For Simpson's rule with error :math:`O(h^4) = O(m^{-4})`, the total error is :math:`O(m^{-4})` but the cost is :math:`m^d`. If we want error :math:`\epsilon`, we need :math:`m \sim \epsilon^{-1/4}`, giving cost :math:`\sim \epsilon^{-d/4}`.

For Monte Carlo with error :math:`O(n^{-1/2})`, achieving error :math:`\epsilon` requires :math:`n \sim \epsilon^{-2}` samples, independent of :math:`d`.

The crossover occurs roughly when :math:`\epsilon^{-d/4} = \epsilon^{-2}`, i.e., :math:`d = 8`. For :math:`d > 8`, Monte Carlo requires fewer function evaluations than Simpson's rule to achieve the same accuracy—and the advantage grows exponentially with dimension.

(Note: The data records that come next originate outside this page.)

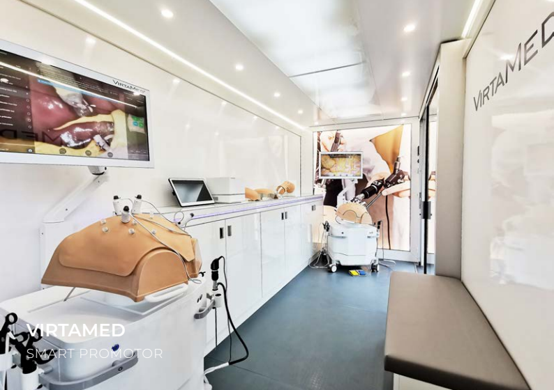
VIRTAMED SMART PROMOTOR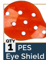
QTY 1 PES Eye Shield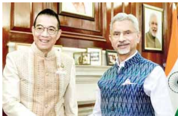
Sangiampongsa's first official visit to India was during July 11-13 for the second BIMSTEC Foreign Ministers' Retreat, hosted by the external affairs minister in New Delhi. On July 12, Jaishankar held a bilateral meeting with Sangiampongsa and hosted a lunch in his honour. During that meeting, the two ministers reviewed progress across various areas of partnership. The two ministers also exchanged views on issues of mutual interest and reiterated their commitment to closer cooperation in sub-regional, regional and multilateral fora. The Ministry of External Affairs had said. In accordance with the vision of the two prime ministers, the ministers reaffirmed the mutual desire for a stronger India-Thailand partnership, it had said. Thailand is a key partner for India in the ASEAN. India's 'Act East' policy, which is in its tenth year, finds convergence with Thailand's 'Act West' policy. Interactions between Jaishankar and the Thai foreign minister have contributed to further strengthening of bilateral ties, it had added.

External Affairs Minister S Jaishankar and his Thai counterpart Maris Sangiampongsa discussed bilateral ties, multilateral cooperation and regional developments during a meeting in Delhi on Saturday. In a social media post, Jaishankar said Sangiampongsa's visit for the Royal Kathina ceremony "exemplifies the longstanding historical and cultural relations" between the two countries. The Thai minister is scheduled to depart India on Sunday. Jaishankar also shared pictures of the meeting at the South Block. "Delighted to meet FM @AmbPoohMaris of Thailand today in Delhi. His visit for the Royal Kathina ceremony exemplifies the longstanding historical and cultural relations between our two countries. We discussed India-Thailand ties, multilateral cooperation and regional developments," he said. Royal Kathina is a traditional Buddhist ceremony.

**Caveat**: This analysis ignores constants, which can favor either method in specific cases. For particular integrands with special structure, deterministic methods may retain advantages even in moderate dimensions. The fundamental message, however, is robust: **in high dimensions, Monte Carlo wins** because its rate doesn't degrade with dimension, while grid methods' costs explode exponentially.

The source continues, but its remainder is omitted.